## YOUR TASK:
Pictures do not belong in your copy. Repeat all the other data exactly.

-------- INFORMATION SUPPLIED --------

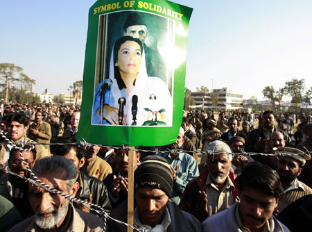 Supporters of slain Pakistani opposition leader Benazir Bhutto gather for special prayer for the rest of Bhutto's soul in Rawalpindi December 29, 2007. Masked gunman shot dead a supporter of Bhutto on Saturday, as violence triggered by her assassination entered third a day and and al Qaeda-linked militants denied killing her. [Agencies]
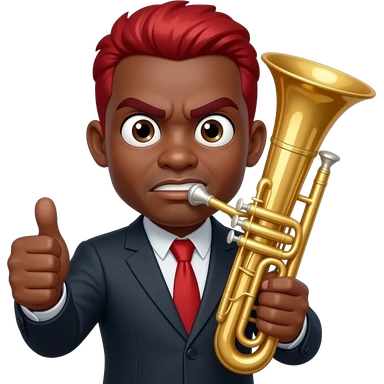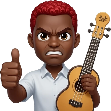 give me a funny black-skinned guy emoji png who's showing with his thumb that everything fine, also on the other hand he holds a jumbo instrument he should have red hair and his eyes being weird wide his face expression should be mad even tho his showing thumb up and hes eyes should be really small emoji
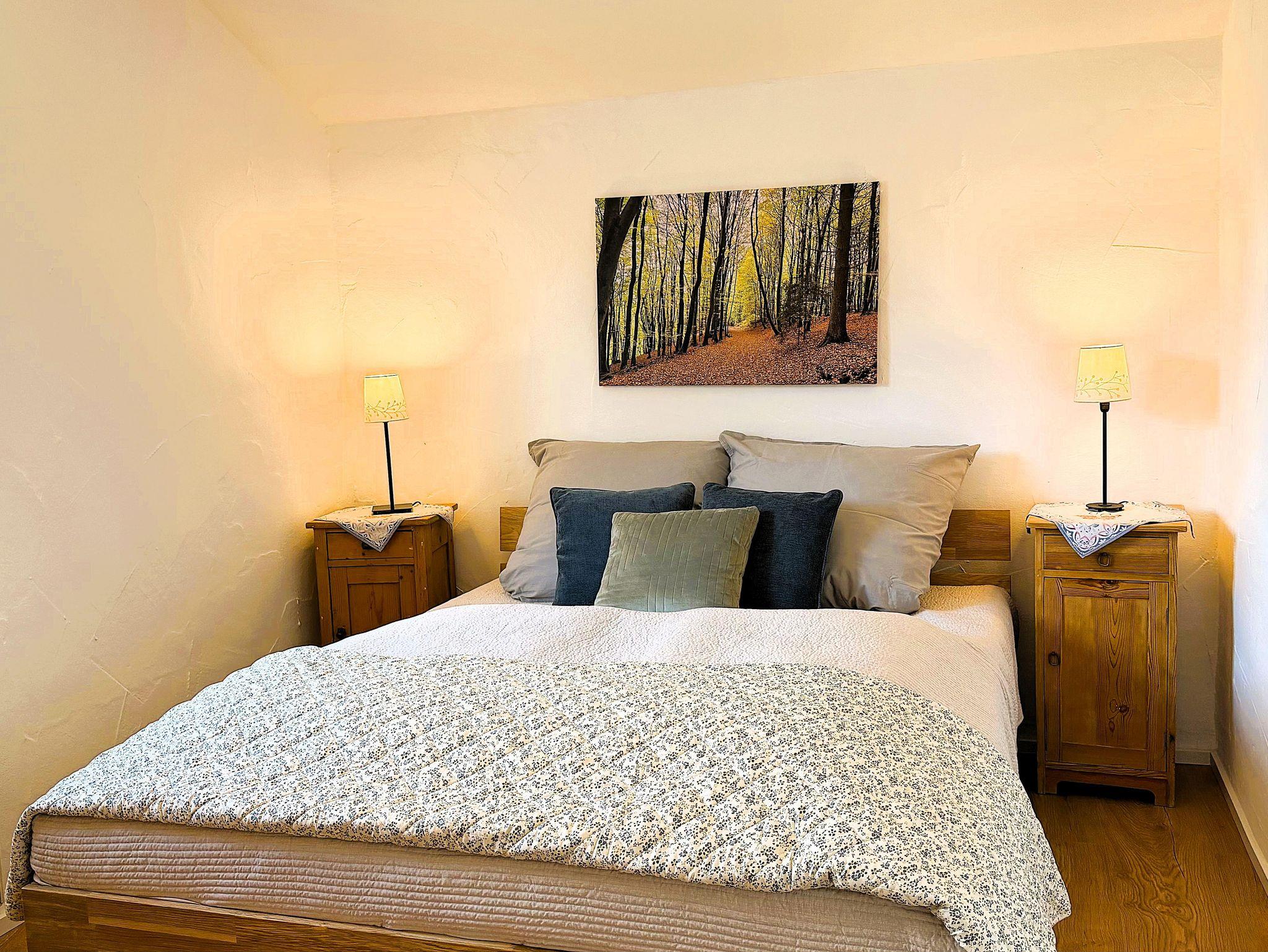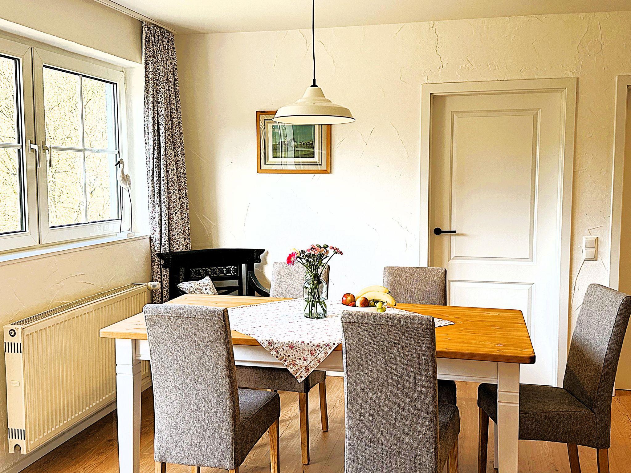 Wunderschöne Ferienwohnung mit einem tollen Blick in ein Wiesental und auf einen ehemaligen Vulkan. Die Ferienwohnung ist ca. 70 m² groß mit einem Schlafzimmer mit Doppelbett, einem 3-Bett-Zimmer (mit Etagenbett), einem Wohnzimmer mit Audio-System und Sat-TV, einer separaten und komplett ausgestatteten Küche und einem Badezimmer mit Dusche und WC. Babybett auf Nachfrage. Fahrräder können am Hofglände abgestellt werden. Auf dem Balkon kannst Du die Aussicht genießen und im Obstgarten auf der Liegewiese relaxen.
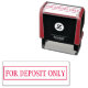 Este elegante design de carimbo contém a mensagem "SOMENTE PARA DEPÓSITO". Ele pode ser usado por uma pessoa ou um administrador do escritório para adicionar facilmente um despejo restritivo a uma verificação.

--------

## TASK RESULT:
 Supporters of slain Pakistani opposition leader Benazir Bhutto gather for special prayer for the rest of Bhutto's soul in Rawalpindi December 29, 2007. Masked gunman shot dead a supporter of Bhutto on Saturday, as violence triggered by her assassination entered third a day and and al Qaeda-linked militants denied killing her. [Agencies]
 give me a funny black-skinned guy emoji png who's showing with his thumb that everything fine, also on the other hand he holds a jumbo instrument he should have red hair and his eyes being weird wide his face expression should be mad even tho his showing thumb up and hes eyes should be really small emoji
 Wunderschöne Ferienwohnung mit einem tollen Blick in ein Wiesental und auf einen ehemaligen Vulkan. Die Ferienwohnung ist ca. 70 m² groß mit einem Schlafzimmer mit Doppelbett, einem 3-Bett-Zimmer (mit Etagenbett), einem Wohnzimmer mit Audio-System und Sat-TV, einer separaten und komplett ausgestatteten Küche und einem Badezimmer mit Dusche und WC. Babybett auf Nachfrage. Fahrräder können am Hofglände abgestellt werden. Auf dem Balkon kannst Du die Aussicht genießen und im Obstgarten auf der Liegewiese relaxen.
 Este elegante design de carimbo contém a mensagem "SOMENTE PARA DEPÓSITO". Ele pode ser usado por uma pessoa ou um administrador do escritório para adicionar facilmente um despejo restritivo a uma verificação.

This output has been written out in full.